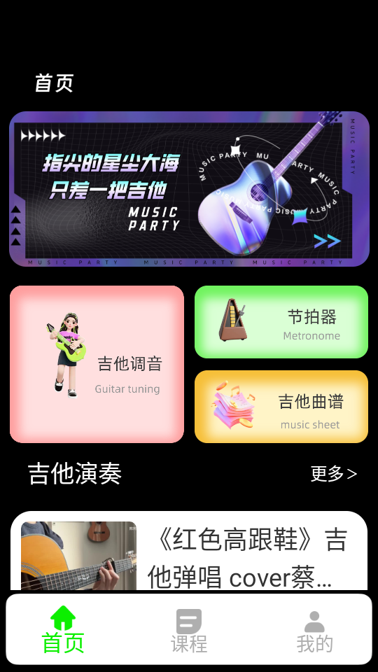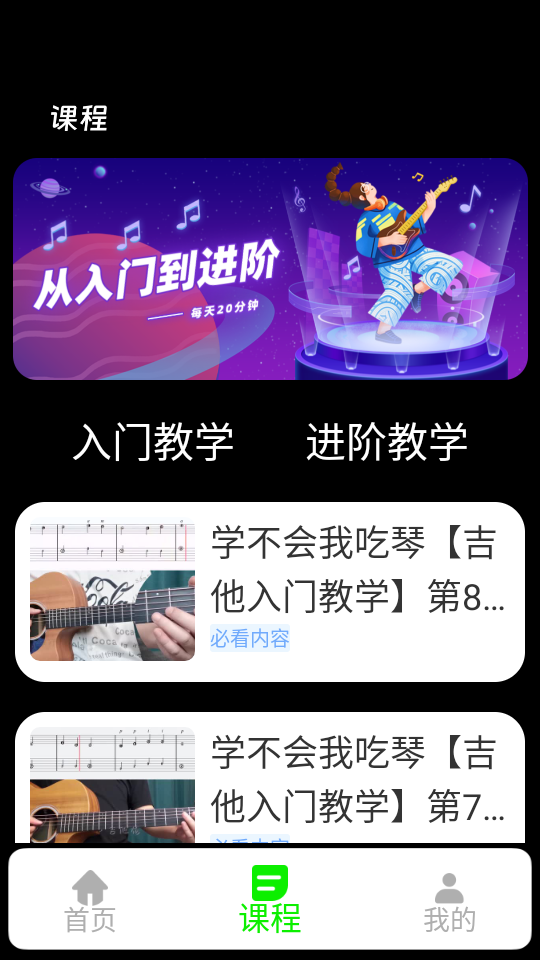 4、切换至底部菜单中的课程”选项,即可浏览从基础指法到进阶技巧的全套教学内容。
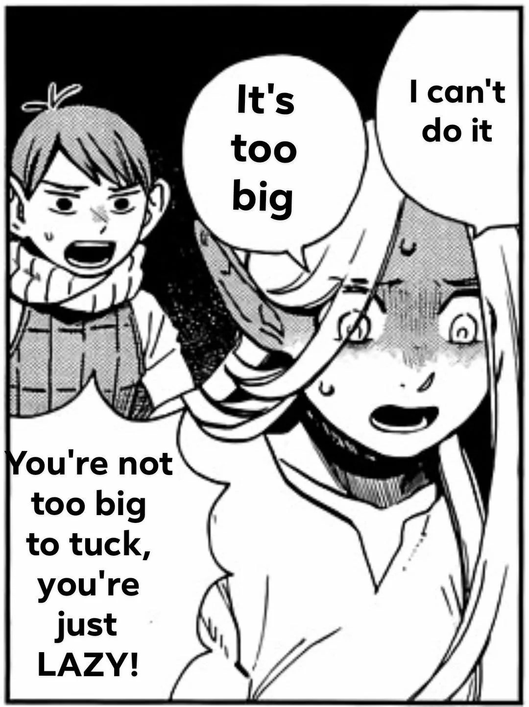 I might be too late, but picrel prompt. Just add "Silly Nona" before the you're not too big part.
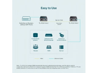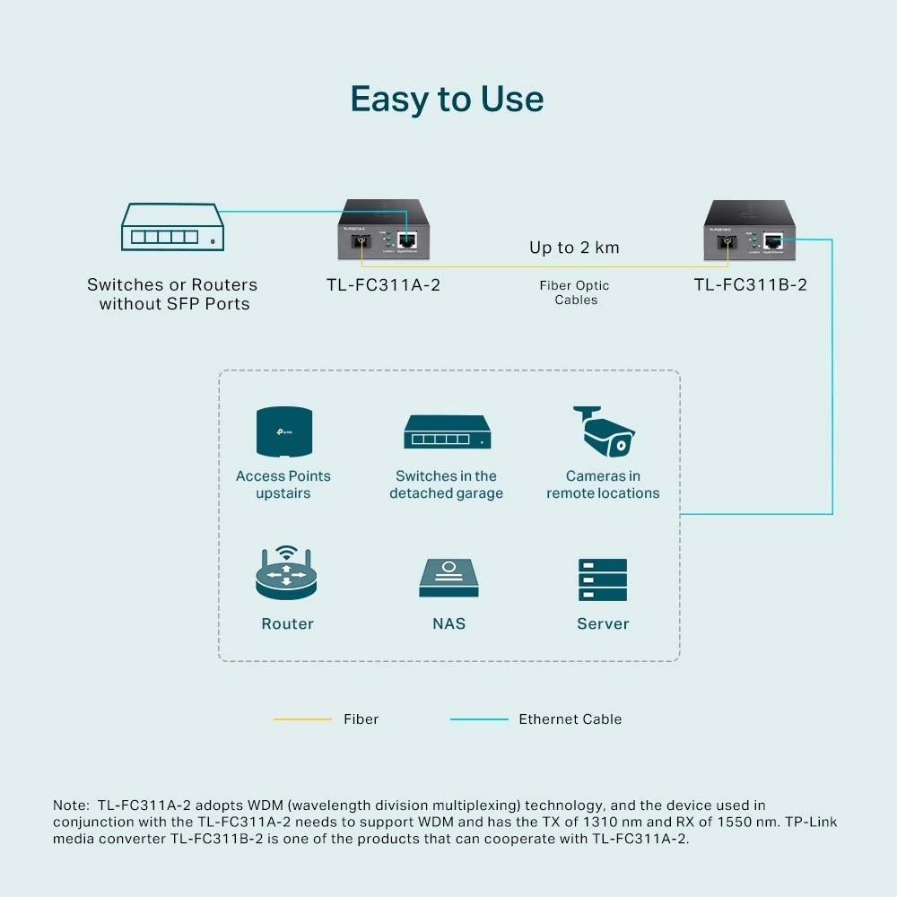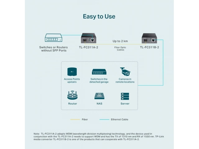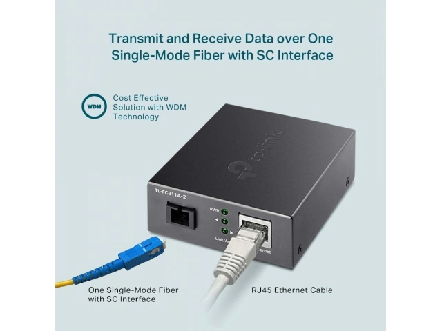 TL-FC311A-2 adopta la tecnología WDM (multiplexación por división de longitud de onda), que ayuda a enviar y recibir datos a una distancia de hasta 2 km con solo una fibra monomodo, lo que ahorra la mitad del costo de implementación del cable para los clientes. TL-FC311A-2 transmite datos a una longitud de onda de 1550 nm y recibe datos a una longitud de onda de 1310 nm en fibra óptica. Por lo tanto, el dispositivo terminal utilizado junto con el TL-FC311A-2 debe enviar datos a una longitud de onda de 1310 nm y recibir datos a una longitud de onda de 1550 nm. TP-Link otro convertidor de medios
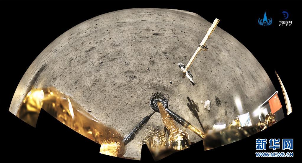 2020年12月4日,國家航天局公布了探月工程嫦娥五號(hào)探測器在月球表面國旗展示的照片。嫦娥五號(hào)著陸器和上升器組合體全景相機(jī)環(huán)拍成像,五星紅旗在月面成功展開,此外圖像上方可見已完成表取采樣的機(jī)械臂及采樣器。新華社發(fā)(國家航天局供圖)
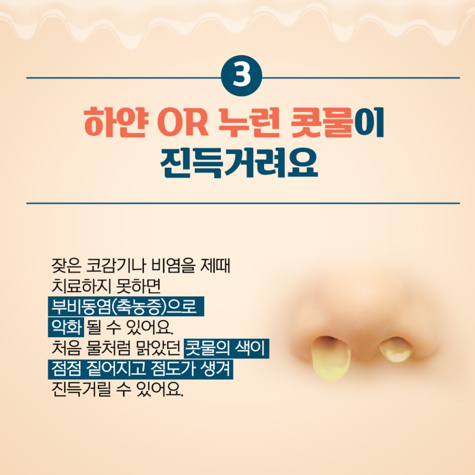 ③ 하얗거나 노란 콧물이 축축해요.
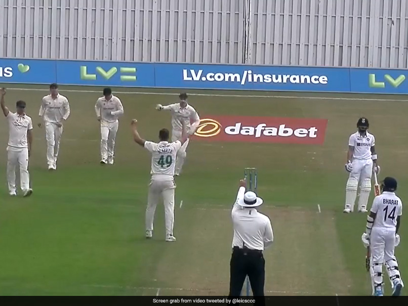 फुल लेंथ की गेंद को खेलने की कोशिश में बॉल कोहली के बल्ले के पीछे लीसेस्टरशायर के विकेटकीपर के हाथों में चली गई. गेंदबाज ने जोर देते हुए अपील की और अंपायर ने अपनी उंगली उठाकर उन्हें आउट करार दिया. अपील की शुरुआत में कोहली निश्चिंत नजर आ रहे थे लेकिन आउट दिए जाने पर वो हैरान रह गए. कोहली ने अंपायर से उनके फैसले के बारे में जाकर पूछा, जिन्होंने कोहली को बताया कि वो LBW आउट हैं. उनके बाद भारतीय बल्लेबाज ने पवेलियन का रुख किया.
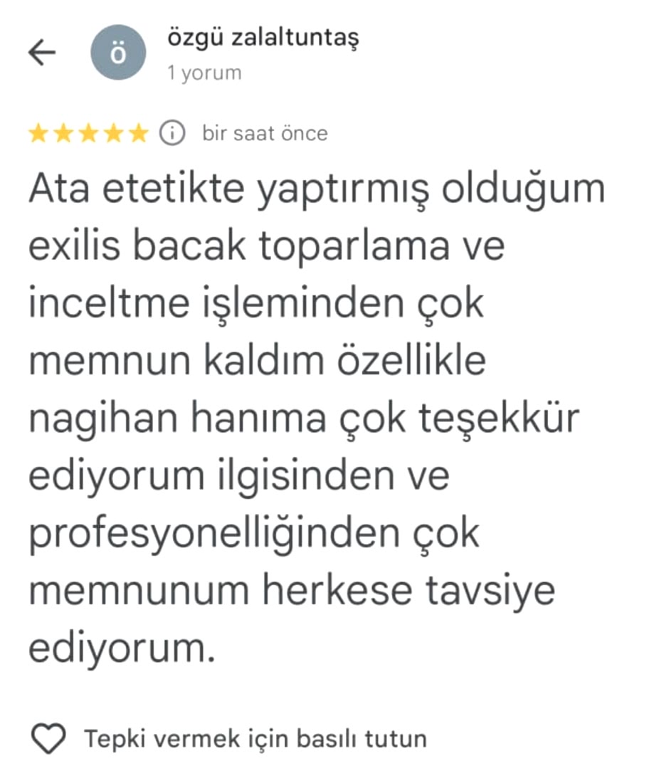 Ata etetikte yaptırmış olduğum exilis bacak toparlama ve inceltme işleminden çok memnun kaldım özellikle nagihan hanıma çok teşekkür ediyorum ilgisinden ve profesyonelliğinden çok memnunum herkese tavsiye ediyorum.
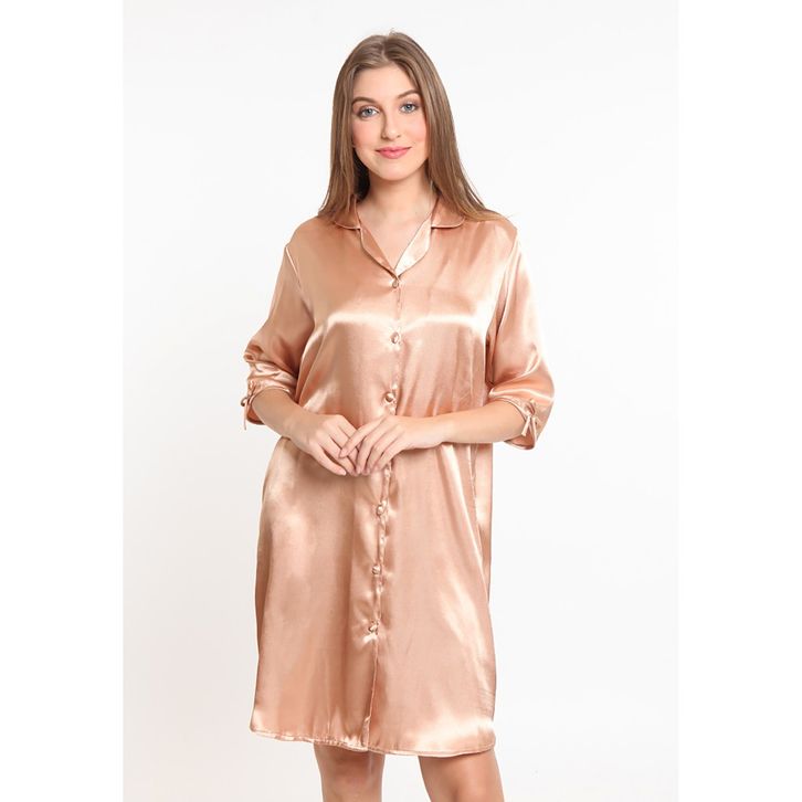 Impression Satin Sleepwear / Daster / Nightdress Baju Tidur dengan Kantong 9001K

- **What is being asked**
Looking at the records above, extract only the lines from the one with "Ata etetikte yaptırmış" through the last line, exactly, with the pictures left out.

- **Expected output**
 Ata etetikte yaptırmış olduğum exilis bacak toparlama ve inceltme işleminden çok memnun kaldım özellikle nagihan hanıma çok teşekkür ediyorum ilgisinden ve profesyonelliğinden çok memnunum herkese tavsiye ediyorum.
 Impression Satin Sleepwear / Daster / Nightdress Baju Tidur dengan Kantong 9001K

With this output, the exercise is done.